The quality level of the encoder controls several important factors including the quantization range and the arithmetic precision of the pipeline. Cairo uses an adaptive quantizer that will increase or decrease the quantization factor based on the source data, but these values are centered about the global quality level.
Our graph above shows the PSNR at various quality levels across the 1,000 frames of our trailer video. Notice that quality and PSNR have a non-linear relationship, as the gains in PSNR diminish with increasing quality levels. This data suggests the following quality levels for certain use cases:
Near-Lossless / Archival
High Quality Stream
Low Quality Stream
Suffering Network Stream
Quality also has a significant impact on the data size, with quality between 10 and 20 generally producing a low bitrate with an acceptable loss in quality.

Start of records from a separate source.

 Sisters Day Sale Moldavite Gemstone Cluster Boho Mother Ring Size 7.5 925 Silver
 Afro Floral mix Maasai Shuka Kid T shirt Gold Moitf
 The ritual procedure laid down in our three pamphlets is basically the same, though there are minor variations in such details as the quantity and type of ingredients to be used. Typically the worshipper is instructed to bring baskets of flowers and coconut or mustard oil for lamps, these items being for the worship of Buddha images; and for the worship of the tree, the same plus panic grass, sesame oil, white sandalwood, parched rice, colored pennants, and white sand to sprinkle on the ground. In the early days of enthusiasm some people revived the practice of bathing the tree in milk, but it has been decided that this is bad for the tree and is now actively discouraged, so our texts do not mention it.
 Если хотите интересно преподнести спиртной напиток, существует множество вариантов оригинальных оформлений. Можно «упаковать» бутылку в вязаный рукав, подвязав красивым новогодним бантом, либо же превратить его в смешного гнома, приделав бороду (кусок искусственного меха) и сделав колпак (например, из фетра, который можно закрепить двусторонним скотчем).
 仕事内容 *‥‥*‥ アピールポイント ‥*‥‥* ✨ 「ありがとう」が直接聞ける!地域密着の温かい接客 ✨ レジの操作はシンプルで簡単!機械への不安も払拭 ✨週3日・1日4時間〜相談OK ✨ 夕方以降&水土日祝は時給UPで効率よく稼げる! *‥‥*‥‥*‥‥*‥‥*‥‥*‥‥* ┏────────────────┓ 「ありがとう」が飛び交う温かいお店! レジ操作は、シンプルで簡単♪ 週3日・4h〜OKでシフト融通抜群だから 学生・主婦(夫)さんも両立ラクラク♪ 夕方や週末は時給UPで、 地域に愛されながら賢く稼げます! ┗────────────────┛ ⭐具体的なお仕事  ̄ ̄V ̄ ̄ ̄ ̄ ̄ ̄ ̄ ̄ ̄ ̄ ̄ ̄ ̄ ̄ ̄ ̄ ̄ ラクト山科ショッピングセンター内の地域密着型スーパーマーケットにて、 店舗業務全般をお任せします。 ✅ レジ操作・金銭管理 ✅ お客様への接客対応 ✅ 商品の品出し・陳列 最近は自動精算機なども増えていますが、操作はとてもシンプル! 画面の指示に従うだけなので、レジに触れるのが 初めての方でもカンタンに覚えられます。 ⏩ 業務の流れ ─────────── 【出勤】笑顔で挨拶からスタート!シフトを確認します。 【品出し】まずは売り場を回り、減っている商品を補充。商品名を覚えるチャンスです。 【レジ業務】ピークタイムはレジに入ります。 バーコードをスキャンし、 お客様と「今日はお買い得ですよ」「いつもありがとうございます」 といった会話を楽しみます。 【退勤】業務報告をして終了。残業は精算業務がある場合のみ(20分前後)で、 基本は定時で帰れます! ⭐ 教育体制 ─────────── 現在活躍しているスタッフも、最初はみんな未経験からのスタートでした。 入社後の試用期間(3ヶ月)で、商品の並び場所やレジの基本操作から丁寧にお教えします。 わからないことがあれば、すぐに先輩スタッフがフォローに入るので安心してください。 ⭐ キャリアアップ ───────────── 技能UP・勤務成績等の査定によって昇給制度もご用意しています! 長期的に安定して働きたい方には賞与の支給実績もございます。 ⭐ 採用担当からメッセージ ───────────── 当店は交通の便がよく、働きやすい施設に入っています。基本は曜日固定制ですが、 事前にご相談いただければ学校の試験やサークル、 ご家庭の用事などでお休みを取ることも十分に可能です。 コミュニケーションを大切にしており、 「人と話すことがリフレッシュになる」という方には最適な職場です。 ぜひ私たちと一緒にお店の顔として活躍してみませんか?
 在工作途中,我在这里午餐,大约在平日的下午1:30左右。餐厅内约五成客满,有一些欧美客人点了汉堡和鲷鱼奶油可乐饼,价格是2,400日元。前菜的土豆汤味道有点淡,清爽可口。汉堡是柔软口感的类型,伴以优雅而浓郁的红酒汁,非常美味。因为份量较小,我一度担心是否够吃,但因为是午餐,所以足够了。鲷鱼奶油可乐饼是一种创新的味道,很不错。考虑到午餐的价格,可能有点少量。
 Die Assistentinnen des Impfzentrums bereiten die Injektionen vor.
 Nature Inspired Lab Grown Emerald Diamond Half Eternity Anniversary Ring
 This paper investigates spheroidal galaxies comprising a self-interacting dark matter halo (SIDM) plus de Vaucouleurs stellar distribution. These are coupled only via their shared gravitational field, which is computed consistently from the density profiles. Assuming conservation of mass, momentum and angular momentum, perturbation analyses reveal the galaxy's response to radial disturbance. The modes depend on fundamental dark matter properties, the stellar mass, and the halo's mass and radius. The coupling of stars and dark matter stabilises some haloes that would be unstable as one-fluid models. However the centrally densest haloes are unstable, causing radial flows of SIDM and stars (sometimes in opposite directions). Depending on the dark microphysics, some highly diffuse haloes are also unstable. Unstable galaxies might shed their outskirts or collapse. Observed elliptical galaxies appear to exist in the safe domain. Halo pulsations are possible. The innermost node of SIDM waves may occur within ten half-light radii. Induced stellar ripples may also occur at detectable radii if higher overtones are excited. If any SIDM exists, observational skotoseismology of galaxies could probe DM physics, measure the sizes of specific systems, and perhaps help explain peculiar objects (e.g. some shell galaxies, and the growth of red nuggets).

The following images demonstrate the visual quality of Cairo across a few quality levels. Quality 100 contains only impercetible differences from the raw source video, while quality 5 contains obvious visual artifacts. When the video is viewed in motion it becomes difficult to detect any artifacts at quality 20 or above.
Differential coding is another feature that helps Cairo lower per-frame sizes. Unlike motion compensation,
differential coding is a lossless operation and does not have as dramatic an effect on overall frame size.
This is a backend process that analyzes neighboring blocks prior to serialization into the bitstream. If Cairo detects that it would be cheaper to encode the delta between two neighbors than the regular block data, it encodes that information instead.
Cairo is a fairly simple transform video codec without many modern bells and whistles. It performs only light frame analysis but still manages to produce significant cost savings. While conventional wisdom predicts the benefits of motion compensation, differential coding, and quality control, it's interesting to see their relative impact on real data. Thanks for reading!